Trump II senaryosu karşısında gelişmekte olan piyasaların tepkisi Trump I döneminden farklı değil. Güçlü dolar ve yükselen ABD faizleri gelişmekte olan ülke paralarından başlayarak, yerel para tahvillere ve hisse senetlerine yayılan satışlara neden oldu.
ABD enflasyonunun düşük büyümenin yavaş olduğu baz senaryomuzu koruyoruz. Vergi oranlarının düşürülmesine rağmen önümüzdeki on yılda bütçe açığındaki toplam artışı 1,5 trilyon dolar ile sınırlayan bir programın büyümeye ilave katkısının yüzde 0,1 civarında olması bekleniyor.
Söz konusu büyüme artışı küresel sermayenin gelişmekte olan ekonomilerden çıkıp yeniden ABD ekonomisine yönelmesi için yeterli değil. Ancak kurumlar vergisinin yüzde 20’ye indirilmesi yurtdışındaki iştiraklerde tutulan karın merkeze getirilmesini sağlayabilir. Büyük çoğunluğu dolar bazında olsa da bu kaynağın ABD’ye geri dönmesi gelişmekte olan piyasalarda dolar talebinin ve faizlerin yükselmesine neden olabilir.
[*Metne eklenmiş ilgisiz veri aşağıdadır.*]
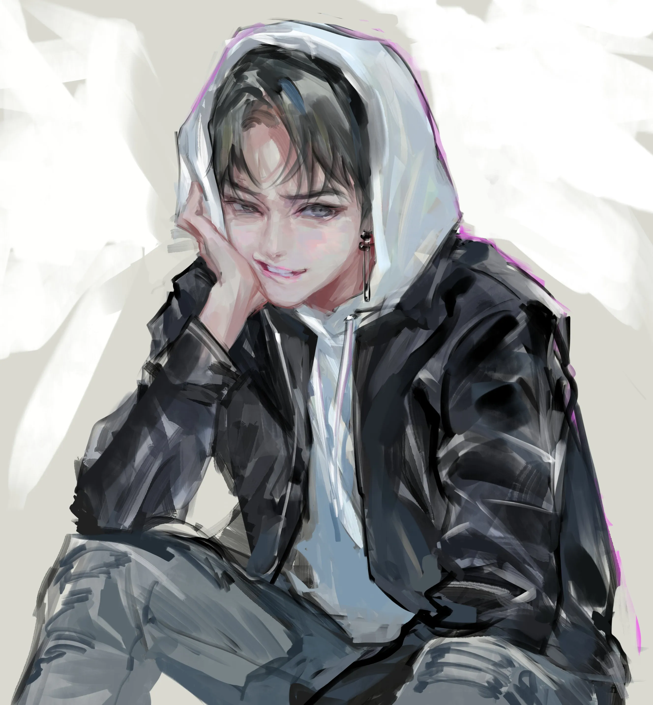 He dropped down, boots hitting dirt, and crouched beside him. His hand hovered, then landed on his shoulder—cold from the night air but warm underneath.

Gelişmekte olan varlıkların 2017 yılından beri yükselmesini sağlayan ana dinamiklerde bir değişiklik yok. İç talebin ve küresel büyümenin desteğini arkasına alan gelişmekte olan şirketlerinin karlılığı güçleniyor. Hızlı büyüme ve makul değerlemeler küresel sermayenin gelişmekte olan piyasalara yönelmesini destekliyor.
Ancak beklentilerin üzerinde gelen Ağustos enflasyonu, Trump’ın vergi paketi ve Fed başkanları tarafından yapılan görece şahin açıklamalar sonrası piyasa fiyatlamalarının gelişmekte olan piyasalar aleyhine değiştiğini kabul etmek lazım.